Standard
Updated: Apr 29
I am officially six months into my job as a 911 dispatcher and a little over a month of being signed off of training and on my own. What an experience this job has been. I have been torn down and rebuilt so many times in this six months I wonder how I've survived honestly. The past year itself held many "new things" that challenged me to grow. None have quite tested me as much as this job has, however. The last month especially held one of the hardest challenges I've faced since starting. I'm just now coming to the realization that my priorities have been all screwed up.
Full disclosure, I would much rather be asleep right now. It's my second day of a whole three days off and I want to sleep in and relax. Go figure, I found myself awake at 4am and it's now 7am. This whole post is only coming together in a messy way because of a conversation I had with my dad yesterday and the realization this morning (at 4am) of just how important what we talked about is to me. Essentially, I realized there is a double standard of accountability being held at my job in how they train new dispatchers vs those who have been there for years. And it really bothers me. To clarify, I am not unhappy with the way I was trained. I am grateful that they stressed the importance of being attentive to everything that happens around the center. I am grateful for the accountability they keep for those of us in training. I don't see the same accountability being held on all the shifts however, and it's frustrating.

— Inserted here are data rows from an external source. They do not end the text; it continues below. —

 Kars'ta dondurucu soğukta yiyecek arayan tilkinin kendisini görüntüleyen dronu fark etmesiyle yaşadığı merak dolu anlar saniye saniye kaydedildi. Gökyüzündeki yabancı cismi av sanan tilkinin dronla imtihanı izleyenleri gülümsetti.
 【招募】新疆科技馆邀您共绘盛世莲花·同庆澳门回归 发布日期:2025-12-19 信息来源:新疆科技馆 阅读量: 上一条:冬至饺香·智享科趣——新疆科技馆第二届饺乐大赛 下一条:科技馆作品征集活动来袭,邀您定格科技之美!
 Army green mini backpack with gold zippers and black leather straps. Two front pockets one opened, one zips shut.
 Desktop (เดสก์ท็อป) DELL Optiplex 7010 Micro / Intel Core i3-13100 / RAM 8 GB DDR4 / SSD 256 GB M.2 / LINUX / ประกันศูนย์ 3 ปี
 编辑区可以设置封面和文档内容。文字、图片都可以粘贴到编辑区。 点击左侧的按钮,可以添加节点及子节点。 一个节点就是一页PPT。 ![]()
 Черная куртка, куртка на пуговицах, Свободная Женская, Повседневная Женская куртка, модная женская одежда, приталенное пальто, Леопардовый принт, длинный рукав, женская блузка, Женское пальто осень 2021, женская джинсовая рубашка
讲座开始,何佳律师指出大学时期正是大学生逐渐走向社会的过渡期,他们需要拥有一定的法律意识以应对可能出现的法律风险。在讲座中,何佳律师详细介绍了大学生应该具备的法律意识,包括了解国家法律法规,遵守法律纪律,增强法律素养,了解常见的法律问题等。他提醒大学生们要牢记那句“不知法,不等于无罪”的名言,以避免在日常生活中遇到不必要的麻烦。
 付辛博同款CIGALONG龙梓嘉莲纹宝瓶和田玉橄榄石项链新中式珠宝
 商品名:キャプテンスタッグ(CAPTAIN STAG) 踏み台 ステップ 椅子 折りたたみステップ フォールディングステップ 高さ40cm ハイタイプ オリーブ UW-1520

The weight of responsibility that comes with this job is heavy. It is not a job you should walk into only willing to give half your best or less. We are responsible for peoples' lives and this is not something to be taken lightly. Ever. This is a heavy weight for one person to bear which is why there are multiple of us working at the same time. We are to work as a team, sharing the responsibility among each other. And it's a fact at the center I work, one person cannot do that job on their own. Where am I going with this?
Essentially, I've come to realize that I have a double standard in my own life. I want to be good at my job. I want to maintain the amount of empathy I have towards people while still being able to function as a dispatcher. I don't want to become callous or desensitized because I don't want to become less attentive and more easily frustrated at callers and officers. I let myself do that a couple times and that's the behavior I resorted too and it didn't feel right. I am striving to be at my very best at work and yet, I do not hold the same standard for myself when it comes to my faith in Christ. And that cuts deep.
The month of December was easily the hardest month I faced since starting my job. I had very little time off and being new and signed off of training, I was the first to be mandated for overtime. I didn't handle the first half of the month well and I still fumbled through the last half. I realized just how much I need Jesus to do this job. The way He designed me, the job tears into me in every way, physically, mentally, and emotionally. Without my faith in Jesus, I'd have to quit because I wouldn't be able to handle it. Jesus is the only way I can do the job so why am I giving so much of myself to the job and so little to Jesus? Why am I holding myself to such high standards at work and very low standards when it comes to my relationship with Jesus? Because I am trying to attain something that I cannot measure up to on my own. I am giving of myself to my job because I cannot meet the standards of God when it comes to my relationship with Him. That's why I, we, need Jesus. This realization is not that I shouldn't be more willing to choose to spend time with Jesus, it's that I can't control my salvation. Doing better doesn't make me more saved. Not doing well doesn't make me less saved. Believing in Jesus as the Son of God who died for my sins and rose again for my redemption, is what saved me, you.
I can continue to run around and exhaust myself trying to "be better." Or I can choose to sit with Jesus in the realization that without Him, I'll never measure up. Without Him, I'd be dead. I'm not explaining very well the thought process I've had as I've written this post. And that's going to be okay this time. I'll end with this: Jesus doesn't care how much time I spend with Him, He cares that I spend time with Him. I've been avoiding doing that because I put a limit on how much time I wanted to spend with Him. I've been holding myself to high standards in other places because I can't meet God's on my own and it was driving me crazy. I haven't slowed down long enough to recognize that until now. God is always speaking. With this fallen world, there is always noise that can distract us from listening. Sometimes, all we need to do is take a moment and be still. Just be aware, that moment might be at 4am some morning on your day off. :) It's totally worth it though.